Il était l’ami du roi, lequel honorait fort, comme chacun sait, la mémoire de son père Henri IV. Le père de M. de Tréville l’avait si fidèlement servi dans ses guerres contre la Ligue, qu’à défaut d’argent comptant – chose qui toute la vie manqua au Béarnais, lequel paya constamment ses dettes avec la seule chose qu’il n’eût jamais besoin d’emprunter, c’est-à-dire avec de l’esprit –, qu’à défaut d’argent comptant, disons-nous, il l’avait autorisé, après la reddition de Paris, à prendre pour armes un lion d’or passant sur gueules avec cette devise : Fidelis et fortis. C’était beaucoup pour l’honneur, mais c’était médiocre pour le bien-être. Aussi, quand l’illustre compagnon du grand Henri mourut, il laissa pour seul héritage à monsieur son fils son épée et sa devise. Grâce à ce double don et au nom sans tache qui l’accompagnait, M. de Tréville fut admis dans la maison du jeune prince, où il servit si bien de son épée et fut si fidèle à sa devise, que Louis XIII, une des bonnes lames du royaume, avait l’habitude de dire que, s’il avait un ami qui se battît, il lui donnerait le conseil de prendre pour second, lui d’abord, et Tréville après, et peut-être même avant lui.

 

Aussi Louis XIII avait-il un attachement réel pour Tréville, attachement royal, attachement égoïste, c’est vrai, mais qui n’en était pas moins un attachement. C’est que, dans ces temps malheureux, on cherchait fort à s’entourer d’hommes de la trempe de Tréville.

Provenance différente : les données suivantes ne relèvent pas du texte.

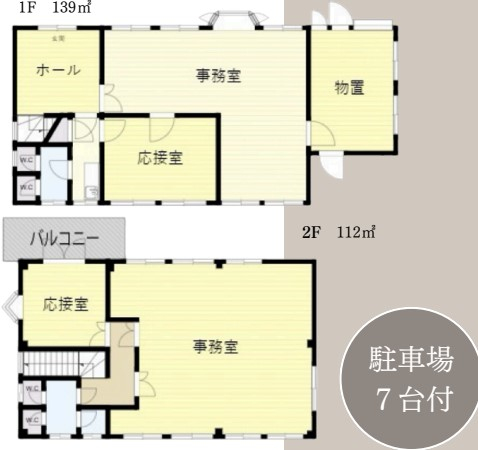 特色 | 第一種低層住居専用地域、現状渡し、1階:約139㎡、2階:約112㎡、土地面積:約614㎡、駐車場7台付き、家賃保証加入要、借家人賠償責任付火災保険加入要 |

Beaucoup pouvaient prendre pour devise l’épithète de fort, qui faisait la seconde partie de son exergue ; mais peu de gentilshommes pouvaient réclamer l’épithète de fidèle, qui en formait la première. Tréville était un de ces derniers ; c’était une de ces rares organisations, à l’intelligence obéissante comme celle du dogue, à la valeur aveugle, à l’œil rapide, à la main prompte, à qui l’œil n’avait été donné que pour voir si le roi était mécontent de quelqu’un et la main que pour frapper ce déplaisant quelqu’un, un Besme, un Maurevers, un Poltrot de Méré, un Vitry. Enfin à Tréville, il n’avait manqué jusque-là que l’occasion ; mais il la guettait, et il se promettait bien de la saisir par ses trois cheveux si jamais elle passait à la portée de sa main. Aussi Louis XIII fit-il de Tréville le capitaine de ses mousquetaires, lesquels étaient à Louis XIII, pour le dévouement ou plutôt pour le fanatisme, ce que ses ordinaires étaient à Henri III et ce que sa garde écossaise était à Louis XI.